ALAMEDA, Calif. — Nevada received its second downgrade of the month Thursday when Moody’s Investors Service dropped its general obligation bonds to Aa2 from Aa1.
Moody’s cited “the profound economic impact of the recession,” combined with a narrow economy dependent on gambling and tourism, and the state’s decreasing financial flexibility.
At the same time, Moody’s downgraded Nevada’s certificates of participation to Aa3 from Aa2, while changing the outlook to stable from negative.
The action applies to about $2.3 billion of net tax-supported debt.
Standard & Poor’s downgraded Nevada GOs to AA from AA-plus March 10. Fitch Ratings assigns a AA-plus to the state.
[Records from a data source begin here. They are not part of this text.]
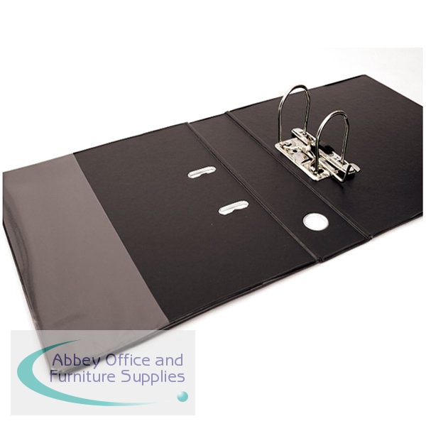 This stylish, professional Elba Vision file features a standard lever arch mechanism with a 70mm capacity for filing A4 documents. The file features full length clear pockets on the front and back for personalisation and a spine label for quick identification of contents. The file also features durable, heavyweight PVC covers for long lasting use. This pack contains 1 black lever arch file.
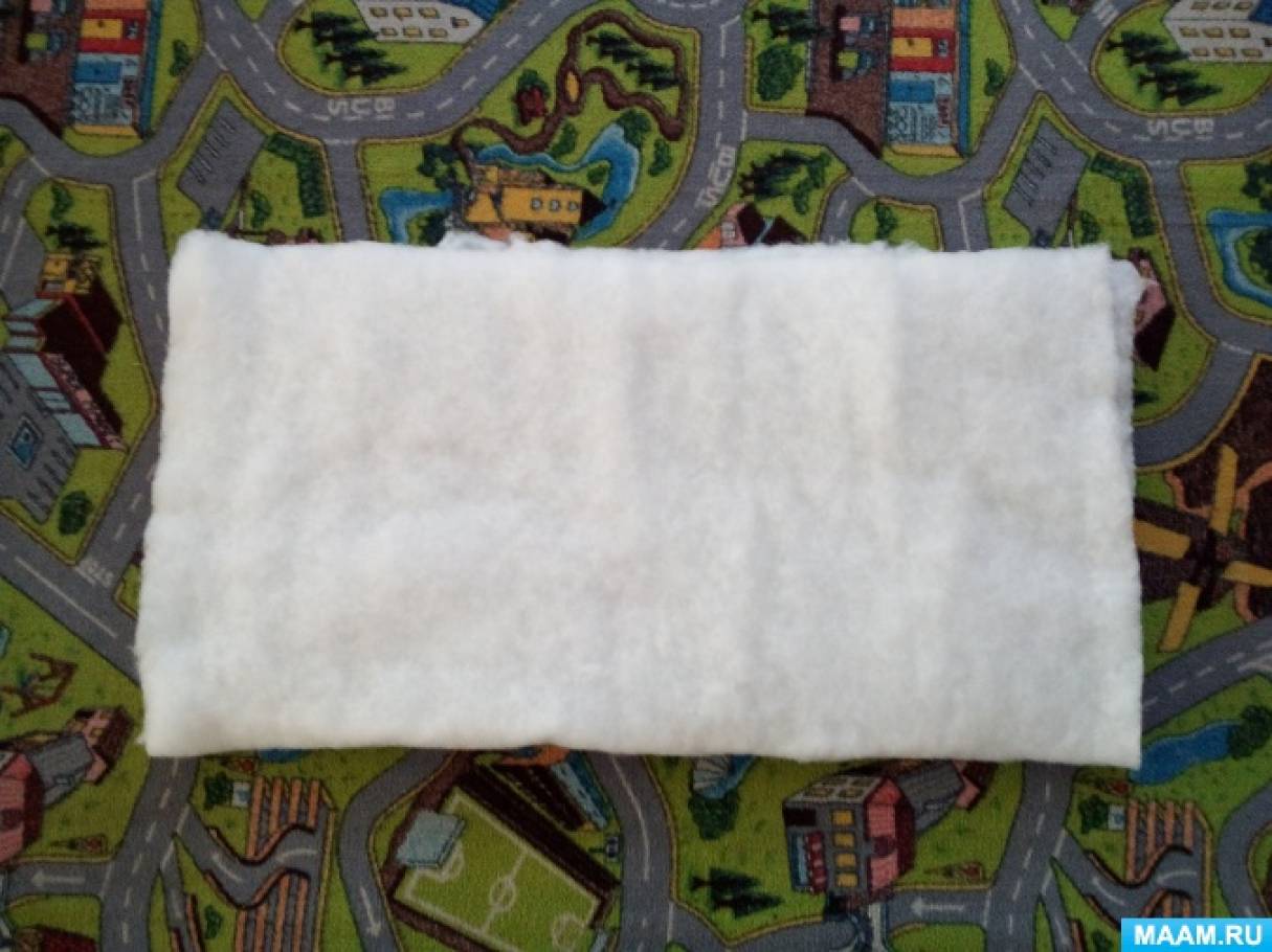 Шаг 1. Берём кусок синтепона и складываем его пополам.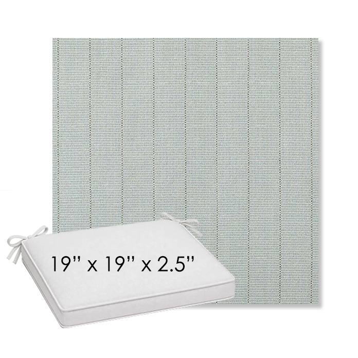 19" x 19" x 2.5" Thick outdoor dining chair seat cushion designed for a simple, ready-to-order fit. Features a boxed construction with piping, fabric ties, and zipper opening. Made in 700+ Sunbrella® fabrics for long-lasting outdoor performance.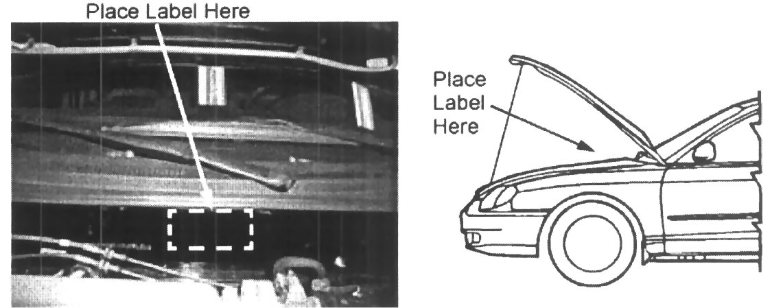 6. Next remove the backing from the label, and press the entire label on the engine compartment wall in the position shown in step 2.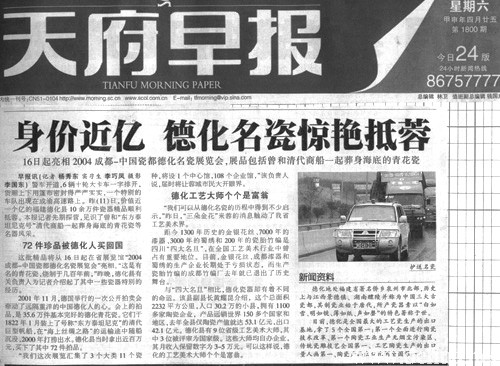 16日起亮相2004成都-中國瓷都德化名瓷展覽會,展品包括曾和清代商船一起葬身海底的青花瓷

“Nevada is lagging other states coming out of the recent recession,” Moody’s said in its report.
Nevada’s unemployment rate is the nation’s highest at over 14%, and the state’s economy continues to struggle with the lingering hangover from its burst housing bubble.
“The nationwide real estate bust affected Nevada the worst in terms of changes in activity, foreclosures, and prices,” Moody’s said.
“The job-creating engine of the construction industry collapsed in the face of a supply glut and diminished underlying economic factors such as gaming and tourism sector employment,” according to Moody’s.
The state continues to wrestle with the revenue effects of that deep recession.
Nevada has a modest debt burden and a history of conservative and responsive financial management, Moody’s said, but “the reserves Nevada built up during economic expansion have been depleted, eliminating that financial cushion.”
Moody’s assigned a stable outlook that “reflects our belief that while the economy is very weak and will remain weak for the near to medium future, there are some early signs of economic and revenue stabilization in the state.”